According to the Israel Central Bureau of Statistics, the smoking rate in the Israeli adult population in 2009 was 20.9%, down from 34% in 2000. A Ministry of Health nationwide survey conducted in 2011 found that 20.6% of the population aged 21 and older were smokers. The highest percentage of smokers was among Arab males, 44% of whom smoked, though this figure is down from 50% in 1996.

In 2014, 19.8% of adult Israelis smoked, 26.3% in the Arab population and 18.4% in the Jewish population. 35% of non-smoking respondents to the World Health Survey reported that they had been exposed to passive smoking. Smoking is responsible for about 8,000 deaths in Israel every year, of which about 700 among passive smokers. The cost of the damage caused by smoking to the health system is estimated at NIS 1.7 billion (about $440 million) a year. The annual loss of working capacity and paid sick days in the wider economy is estimated at NIS 1.9 billion ($490 million). About NIS 8.2 billion ($2.12 billion) is spent on tobacco products each year. 40 tons of tobacco worth some NIS 24 million ($6.2 million) and about 1.3 million cigarette packs were intercepted at the border crossing between Israel and the Palestinian Authority in 2014.
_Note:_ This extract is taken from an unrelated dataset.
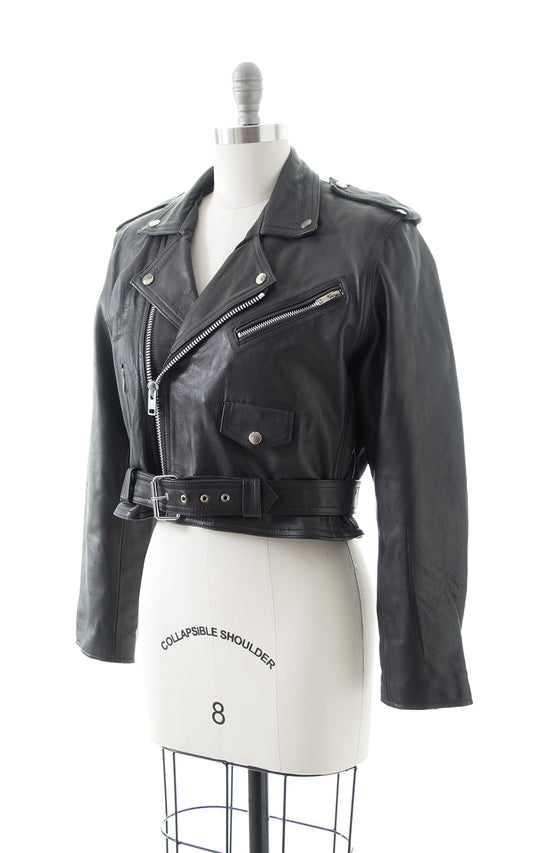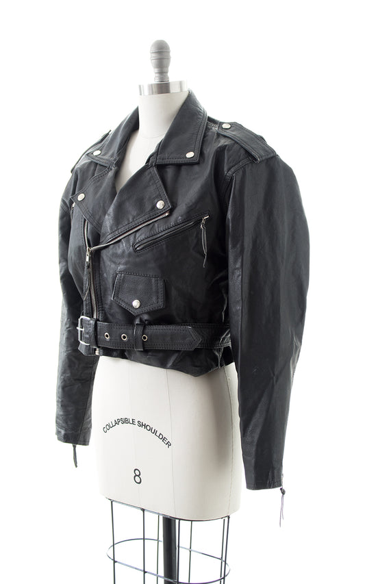 1990s Cropped Leather Moto Jacket | small/medium

In 2024, approximately 20% of the adult population smoked. The percentage was about 40% among adults in the Arab sector and 54% among Haredi high school students. Some public officials expressed concern that the percentage of smokers had not declined.

== Peanut Allergy ==
In early 2000 it was noted that children in Israel have a low prevalence of peanut allergy. This led to a study, in Israel and the United Kingdom, where early exposure to products containing peanuts, in infancy, led to a lower risk of peanut allergy. A similar study was conducted in the US in 2015 (the LEAP study) with similar results, and it was confirmed again in a 2024 study. With these findings, the American Academy of Pediatrics changed the guidelines for exposure of infants to peanut-containing products.